İşçilerin avukatlığını yapan Ali Ekiz işçilerin her yerde olduğu gibi burada da tehditlere maruz kaldıklarını belirtti. İşverenlerin işten çıkarma tehdidinde bulunduklarını aktaran Ekiz “Biz Çağdaş Hukukçular Derneği olarak işçilerin yanında olacağız” dedi. Ekiz süreci şöyle anlattı: “Cuma günü filli iş bırakma olmuştu cumartesinden beri buradayız. Bir işçiye dava açıldı. Açılan dava usulsüz bir dava. Alelacele açılmış bir dava. Alelacele keşif kararı çıktı akabinde zaten. İşçileri baskılamaya ve yıldırmaya yönelik bir dava bu. Usule ilişkin çok fazla hata var davada. Ayrıca hukuk usulünü de geçtim suç teşkil edebilecek bir şekilde işçi aranarak ‘tebligatın var bu tebligatı gel al’ denilmiş. Keşif yapıldı. Keşifte bir bilgisayar bir yazıcı bile getirilmemiş. Tutanaklar geri dönülüp mahkeme kaleminde çevik kuvvet nezaretinde alındı. Bu bir hukuk rezaletidir. Keşif olması gerekenden çok hızlı gerçekleşti. Arabadan inilip akabinde tekrar binildi demek mümkün. Ne işçilerin platformlarına, ne hangi koşullarda çalıştıklarına bakıldı ne de yemekhaneye akıldı. İşçiler o sırada yemekhanede olabilirdi ona bile bakılmadı. Bu usule ve hukuka aykırıdır.”

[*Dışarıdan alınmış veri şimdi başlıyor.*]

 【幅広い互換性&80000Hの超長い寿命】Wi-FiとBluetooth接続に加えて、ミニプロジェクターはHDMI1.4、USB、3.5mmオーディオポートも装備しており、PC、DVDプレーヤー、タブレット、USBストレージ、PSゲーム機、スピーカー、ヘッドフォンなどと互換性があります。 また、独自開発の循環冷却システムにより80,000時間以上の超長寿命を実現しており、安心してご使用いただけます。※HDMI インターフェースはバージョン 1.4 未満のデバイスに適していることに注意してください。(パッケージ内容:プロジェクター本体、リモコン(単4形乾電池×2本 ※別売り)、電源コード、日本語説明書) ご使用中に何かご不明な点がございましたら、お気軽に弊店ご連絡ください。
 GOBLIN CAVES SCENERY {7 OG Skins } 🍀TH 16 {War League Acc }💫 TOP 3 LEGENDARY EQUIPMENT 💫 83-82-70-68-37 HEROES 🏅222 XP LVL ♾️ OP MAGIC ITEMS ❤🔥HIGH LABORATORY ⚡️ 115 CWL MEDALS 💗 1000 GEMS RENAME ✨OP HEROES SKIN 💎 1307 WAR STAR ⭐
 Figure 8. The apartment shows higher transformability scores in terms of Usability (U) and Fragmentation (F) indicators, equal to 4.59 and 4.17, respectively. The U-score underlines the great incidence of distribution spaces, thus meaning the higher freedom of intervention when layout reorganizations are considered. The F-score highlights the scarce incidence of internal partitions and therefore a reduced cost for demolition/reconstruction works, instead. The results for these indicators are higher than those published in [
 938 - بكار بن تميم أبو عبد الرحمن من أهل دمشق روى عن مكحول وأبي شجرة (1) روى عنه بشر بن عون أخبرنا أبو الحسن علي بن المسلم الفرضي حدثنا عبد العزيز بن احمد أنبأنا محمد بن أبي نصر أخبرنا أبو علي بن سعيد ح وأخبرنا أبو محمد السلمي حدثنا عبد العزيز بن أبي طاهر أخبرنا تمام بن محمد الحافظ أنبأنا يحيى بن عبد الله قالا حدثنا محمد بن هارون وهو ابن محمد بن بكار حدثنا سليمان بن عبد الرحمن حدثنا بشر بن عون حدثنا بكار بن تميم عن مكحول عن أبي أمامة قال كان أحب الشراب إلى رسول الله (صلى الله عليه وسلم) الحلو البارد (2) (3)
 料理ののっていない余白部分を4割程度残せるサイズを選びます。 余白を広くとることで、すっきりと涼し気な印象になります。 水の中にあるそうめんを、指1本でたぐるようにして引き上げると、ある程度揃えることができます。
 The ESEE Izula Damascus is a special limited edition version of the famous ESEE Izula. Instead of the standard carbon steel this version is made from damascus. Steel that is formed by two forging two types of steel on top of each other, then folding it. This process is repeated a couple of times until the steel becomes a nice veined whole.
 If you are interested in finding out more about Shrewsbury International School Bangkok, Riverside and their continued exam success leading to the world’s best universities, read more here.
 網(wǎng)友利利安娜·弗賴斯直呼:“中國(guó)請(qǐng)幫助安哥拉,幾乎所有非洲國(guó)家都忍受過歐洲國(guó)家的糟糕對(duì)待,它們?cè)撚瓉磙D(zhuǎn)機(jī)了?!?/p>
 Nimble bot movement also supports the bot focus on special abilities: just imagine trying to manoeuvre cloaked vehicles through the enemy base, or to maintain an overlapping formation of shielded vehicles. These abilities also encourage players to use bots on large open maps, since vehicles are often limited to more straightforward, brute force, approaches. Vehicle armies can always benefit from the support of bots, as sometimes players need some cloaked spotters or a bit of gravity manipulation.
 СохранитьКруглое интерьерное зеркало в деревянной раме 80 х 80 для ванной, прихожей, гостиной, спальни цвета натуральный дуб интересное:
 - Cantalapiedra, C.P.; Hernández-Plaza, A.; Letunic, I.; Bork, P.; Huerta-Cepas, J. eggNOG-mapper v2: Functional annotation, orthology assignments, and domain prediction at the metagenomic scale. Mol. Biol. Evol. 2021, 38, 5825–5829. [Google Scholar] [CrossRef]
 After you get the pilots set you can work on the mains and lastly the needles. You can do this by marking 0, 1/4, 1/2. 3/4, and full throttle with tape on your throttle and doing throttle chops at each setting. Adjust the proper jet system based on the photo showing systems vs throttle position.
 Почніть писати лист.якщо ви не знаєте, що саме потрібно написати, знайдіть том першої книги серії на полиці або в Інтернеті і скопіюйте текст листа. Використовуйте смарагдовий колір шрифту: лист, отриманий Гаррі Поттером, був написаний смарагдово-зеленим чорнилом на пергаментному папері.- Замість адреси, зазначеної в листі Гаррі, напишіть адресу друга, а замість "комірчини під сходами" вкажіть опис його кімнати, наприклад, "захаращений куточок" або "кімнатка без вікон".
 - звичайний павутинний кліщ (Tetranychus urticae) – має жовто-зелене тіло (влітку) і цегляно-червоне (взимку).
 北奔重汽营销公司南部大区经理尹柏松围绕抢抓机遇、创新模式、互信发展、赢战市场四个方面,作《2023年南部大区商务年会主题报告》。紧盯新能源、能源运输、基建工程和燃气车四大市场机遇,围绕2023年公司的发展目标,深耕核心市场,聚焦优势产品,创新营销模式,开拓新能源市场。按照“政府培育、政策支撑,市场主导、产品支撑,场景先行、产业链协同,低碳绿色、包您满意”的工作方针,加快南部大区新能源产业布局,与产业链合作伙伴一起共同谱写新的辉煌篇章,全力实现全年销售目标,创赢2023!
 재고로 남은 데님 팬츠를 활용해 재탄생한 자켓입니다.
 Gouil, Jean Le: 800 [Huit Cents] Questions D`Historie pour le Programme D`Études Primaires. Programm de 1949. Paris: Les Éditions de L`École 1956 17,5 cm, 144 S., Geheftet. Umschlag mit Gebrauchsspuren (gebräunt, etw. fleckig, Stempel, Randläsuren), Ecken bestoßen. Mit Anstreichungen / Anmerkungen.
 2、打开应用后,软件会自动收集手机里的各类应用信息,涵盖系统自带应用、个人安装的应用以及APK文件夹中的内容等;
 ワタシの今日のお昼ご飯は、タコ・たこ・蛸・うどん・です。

İşçilerle sendikalar, emek örgütleri ve siyasi partiler de dayanışma içerisinde bulunuyor. İşçilerin yanında olan SOL Partililer “Arkadaşlarımıza emekleri karşılığında verilen şey kanser, ölüm ve sefalet. Şimdi buna karşı bir duruş var. Beraber olacağız” dedi.